Your configuration in 2 and 3 looks good. Regarding 1st question, hca mode doesn't have concept of pfNetdevices, because its hca shared mode among containers. In shared mode ib0 device is not available to container. You should use any other overlay driver such as Contiv, Calico from https://github.com/containernetworking/cni In this parent device should be ib0 so that created virtual overlay network devices are on top of ib0 physical device.

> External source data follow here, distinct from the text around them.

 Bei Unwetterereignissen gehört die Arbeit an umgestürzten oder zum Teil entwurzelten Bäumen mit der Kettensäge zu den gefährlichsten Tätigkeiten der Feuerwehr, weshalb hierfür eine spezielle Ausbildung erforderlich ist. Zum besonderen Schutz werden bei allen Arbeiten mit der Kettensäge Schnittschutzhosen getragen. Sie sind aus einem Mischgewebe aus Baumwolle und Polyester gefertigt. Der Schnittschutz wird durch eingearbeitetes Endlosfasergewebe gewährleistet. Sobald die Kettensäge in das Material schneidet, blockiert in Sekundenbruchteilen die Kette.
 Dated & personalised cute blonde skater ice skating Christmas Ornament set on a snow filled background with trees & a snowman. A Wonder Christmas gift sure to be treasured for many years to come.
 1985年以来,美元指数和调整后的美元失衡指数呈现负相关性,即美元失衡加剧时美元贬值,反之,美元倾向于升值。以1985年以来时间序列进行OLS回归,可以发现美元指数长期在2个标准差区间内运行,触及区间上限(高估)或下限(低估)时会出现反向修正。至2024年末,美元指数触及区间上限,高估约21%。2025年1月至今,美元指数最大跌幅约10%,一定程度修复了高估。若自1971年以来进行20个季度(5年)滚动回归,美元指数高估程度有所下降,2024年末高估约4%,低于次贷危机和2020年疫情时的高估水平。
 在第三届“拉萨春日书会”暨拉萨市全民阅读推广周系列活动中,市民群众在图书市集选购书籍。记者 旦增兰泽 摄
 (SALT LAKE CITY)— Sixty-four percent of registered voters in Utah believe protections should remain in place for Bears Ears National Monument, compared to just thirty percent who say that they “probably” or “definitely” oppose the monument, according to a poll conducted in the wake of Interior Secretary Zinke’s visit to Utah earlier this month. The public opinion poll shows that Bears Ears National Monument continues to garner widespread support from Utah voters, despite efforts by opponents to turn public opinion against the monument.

tingweiwu commented 5 years ago

@paravmellanox
Thanks a lot for your reply. For 1st question before. I think this guidance document may confused me. so I have this question. now I got it. image

Another question additionally, I use calico as my K8s cluster CNI plugin. and after I deploy rdma-hca device plugin. it seems working well. as I can execute ib_devinfo and other ib commonds in the pod successfly.

/examples#  ibstat
CA 'mlx5_0'
    CA type: MT4115
    Number of ports: 1
    Firmware version: 12.23.1000
    Hardware version: 0
    Node GUID: 0x506b4b030035efee
    System image GUID: 0x506b4b030035efee
    Port 1:
        State: Active
        Physical state: LinkUp
        Rate: 100
        Base lid: 250
        LMC: 0
        SM lid: 1
        Capability mask: 0x2650e848
        Port GUID: 0x506b4b030035efee
        Link layer: InfiniBand

now I am running a mpi application which will use RMDA. and I get this error Call to ibv_create_qp failed. I have searched online but haven't get an idea about this. do you know the possible reason about this?

worker-0:17:76 [0] INFO NCCL_SINGLE_RING_THRESHOLD=262144
worker-0:17:76 [0] INFO Ring 00 :    0   1
worker-0:17:76 [0] INFO 1 -> 0 via NET/IB/0/GDRDMA
worker-1:17:76 [0] INFO 0 -> 1 via NET/IB/0/GDRDMA

worker-0:17:76 [0] misc/ibvwrap.cu:275 WARN Call to ibv_create_qp failed
worker-0:17:76 [0] INFO transport/net_ib.cu:354 -> 2
worker-0:17:76 [0] INFO transport/net_ib.cu:432 -> 2
worker-0:17:76 [0] INFO include/net.h:32 -> 2 [Net]
worker-0:17:76 [0] INFO transport/net.cu:266 -> 2
worker-0:17:76 [0] INFO init.cu:475 -> 2
worker-0:17:76 [0] INFO init.cu:536 -> 2

worker-1:17:76 [0] misc/ibvwrap.cu:275 WARN Call to ibv_create_qp failed
worker-1:17:76 [0] INFO transport/net_ib.cu:354 -> 2
worker-1:17:76 [0] INFO transport/net_ib.cu:432 -> 2
worker-1:17:76 [0] INFO include/net.h:32 -> 2 [Net]
worker-1:17:76 [0] INFO transport/net.cu:266 -> 2
worker-1:17:76 [0] INFO init.cu:475 -> 2
worker-1:17:76 [0] INFO init.cu:536 -> 2

the same mpi application run successffly when I have run it in docker with hostnetwork,

tingweiwu commented 5 years ago

@paravmellanox Call to ibv_create_qp failed solved by set ulimit -l unlimited in pod spec

paravmellanox commented 5 years ago

@tingweiwu I will fix the documentation and update you.

paravmellanox commented 5 years ago

@tingweiwu you should add annotations to pod spec file like below for containers. securityContext: capabilities: add: [ "IPC_LOCK" ]

Please refer to this sample. https://github.com/Mellanox/k8s-rdma-sriov-dev-plugin/blob/master/example/sriov/test-sriov-pod.yaml

xieydd commented 5 years ago

@tingweiwu I meet the same problem, the job will hang, right?